2. • Find and select “Import” from the dropdown menu
Choose your import method either:
1. • Upload a JSON file: Upload the dashboard file you downloaded directly
2. • Paste JSON text: If you have the JSON content as text, paste it into the provided text area.
Select Data Source: choose Prometheus from the dropdown menu
Click “Import”
Save: Save the imported dashboard

Ta da! Here is a sample image of the Fluent Bit Dashboard in Grafana.

Exploring the Fluent Bit Grafana dashboard

The Fluent Bit Grafana dashboard provides a lot of information at a glance and is broken down into logical panels. Let’s explore what each section tells us and how to interpret the data.

Resource limits and commitments

This panel provides an overview of resource consumption and allocation across your Kubernetes cluster – this helps you understand Fluent Bit’s operational environment.

What it shows:

CPU/Memory Utilization: The actual percentage of CPU and memory being used across all nodes in the cluster.
CPU/Memory Requests Commitment: The percentage of allocatable CPU and memory requested by all pods in the cluster.
CPU/Memory Limits Commitment: The percentage of allocatable CPU and memory set as limits for all pods. This is the maximum a pod can consume before being throttled (CPU) or OOM-kill (memory).

Why it’s important:

Overall Cluster Health: High utilization indicates the cluster is nearing capacity and could impact Fluent Bit’s performance if it can’t get the necessary resources.
Resource Planning: Helps in understanding if your cluster is over-provisioned (low utilisation/commitment) or under-provisioned (high-utilization/commitment).
Impact on Fluent Bit: While not directly related to Fluent Bit metrics, if the cluster is starved for resources, Fluent Bit pods might be throttled, evicted, or struggle to perform. This leads to log delays or data loss.

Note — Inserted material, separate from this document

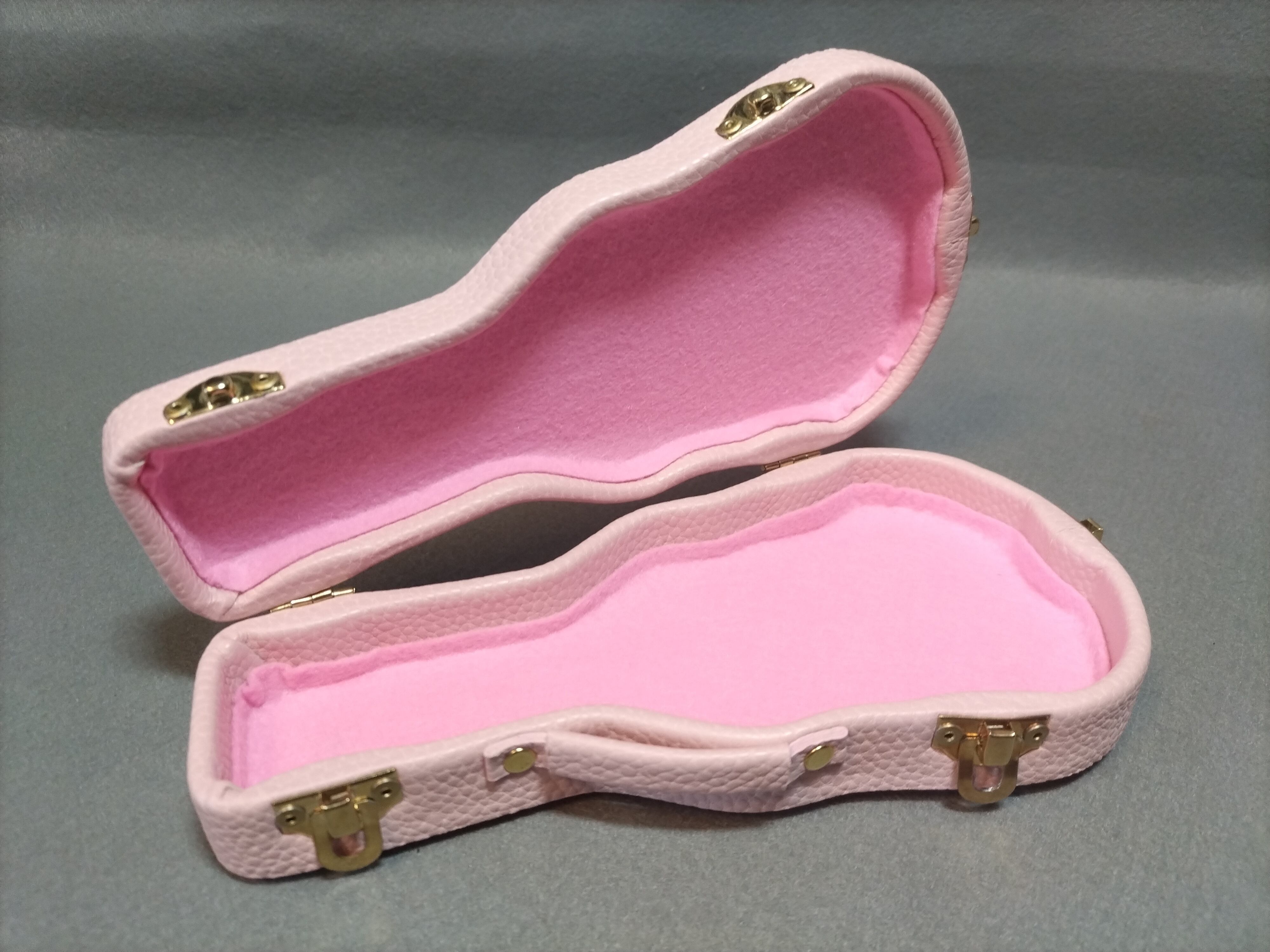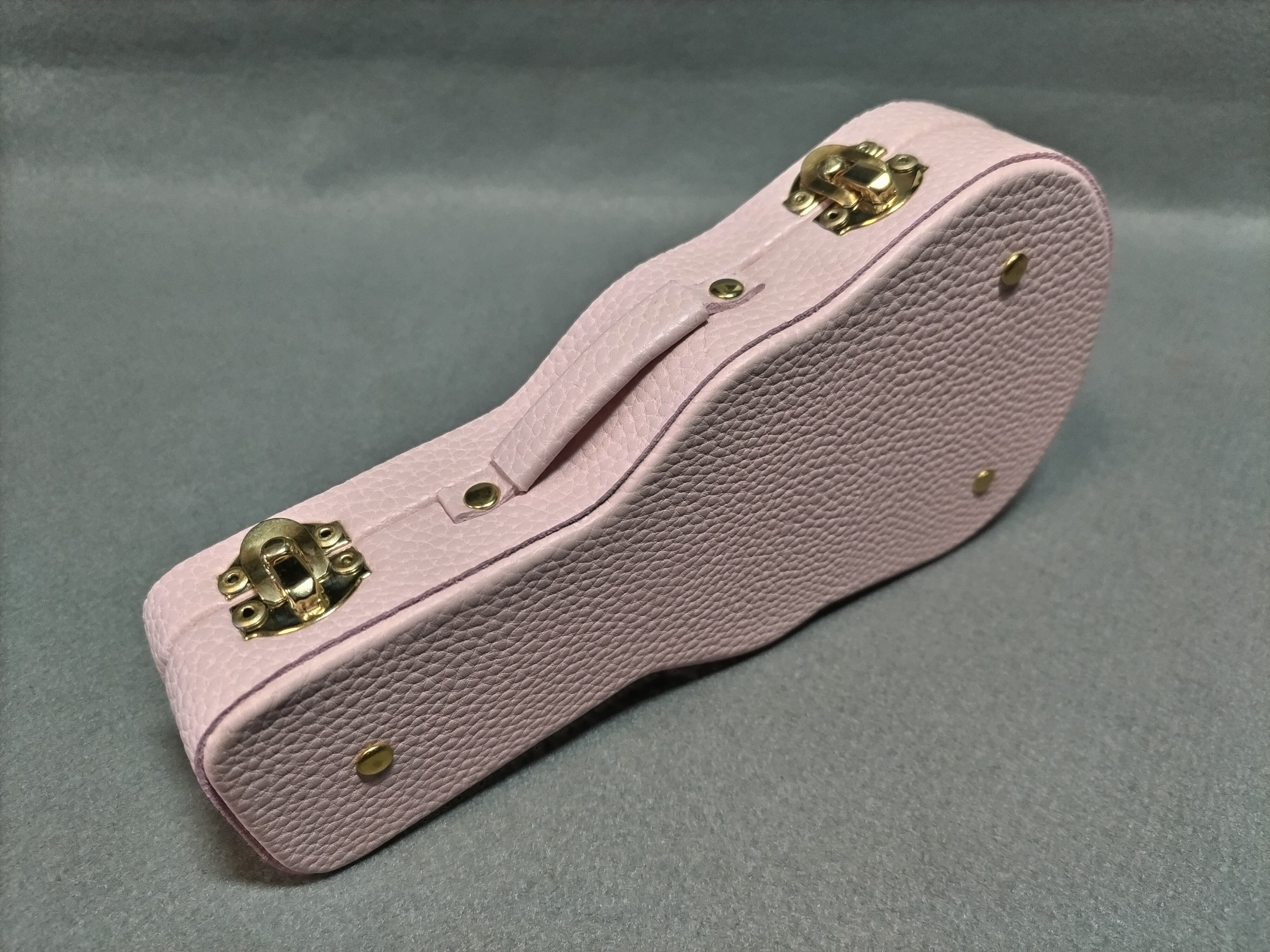 ギターケース型 小物入れ (外装色シボライトピンク+金具金色 or 金具銀色)

Interpreting the data and making decisions:

High utilization (e.g., >80-90%): Your cluster is working hard.

Decision: Consider scaling up your cluster or optimising workloads.
High requests commitment (e.g., >80%): Most of the node’s guaranteed resources are already allocated.

Decision: Be cautious when deploying new workloads. Ensure Fluent Bit has adequate requests set to guarantee its operation.
High limits commitment: Pods are allowed to use resources up to their defined limits.

Decision: This is fine as long as actual utilization is lower. However, if limits are significantly higher than requests and utilization is also high, it can lead to “noisy neighbor” problems or CPU throttling.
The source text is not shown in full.